Amid the political maneuverings of NAFTA's proponents and detractors on both sides of the border, an important question remains unanswered regarding what NAFTA signatories will do about a controversial environmental report presently under their consideration. The report details an investigation into Canada's continuing failure to stop toxic PCBs from flowing into the St. Lawrence River from the Technoparc landfill in Montreal.
Can Mexico, the United States -- and even Canada -- be counted on to make the report public or will they side with some Canadian officials who prefer these matters remain secret? Their response will test the fundamentals of environmental protections in North America, provisions at the very center of President Clinton's decision in 1993 to sign NAFTA and the reason he called the agreement "a force for social progress."

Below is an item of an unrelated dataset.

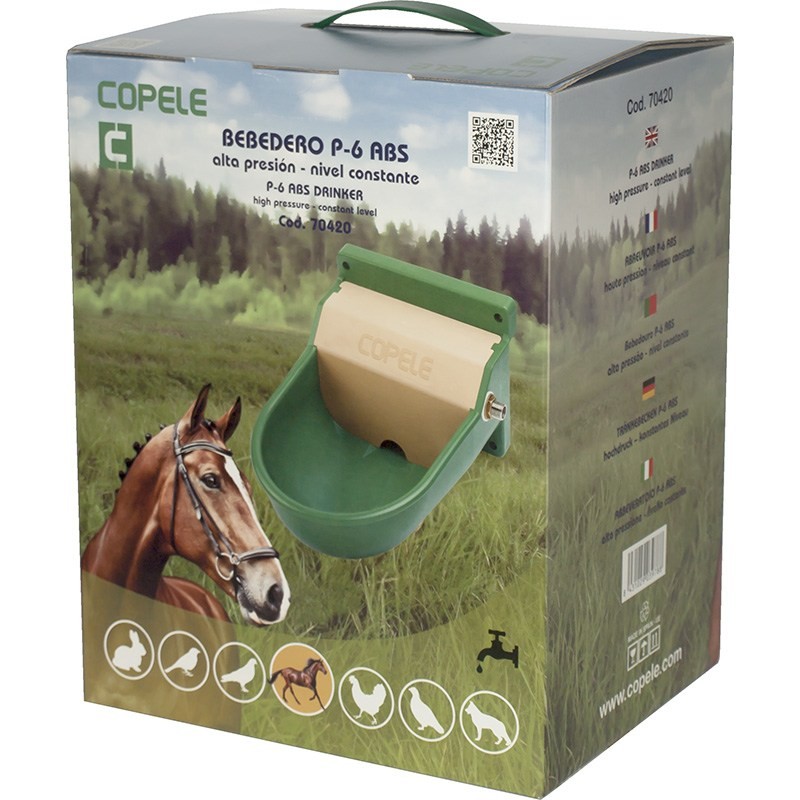 Bebedero fabricado en plástico ABS. Este bebedero trabaja con un nivel constante de agua que puede ser regulado mediante su válvula de alta presión. Se fija a la pared.

Canada, Mexico and the United States commissioned the fact-finding report in response to an environmental complaint brought to the Commission for Environmental Cooperation (CEC), the formal oversight body created under a side agreement to NAFTA to monitor environmental enforcement in North America. The Montreal-based CEC has no formal enforcement authority; its primary role is "bringing the facts to light" to shame offending nations into environmental improvement. This light shines brightest when the CEC prepares a "factual record" -- a lengthy investigative report addressing citizen allegations of failure in environmental enforcement.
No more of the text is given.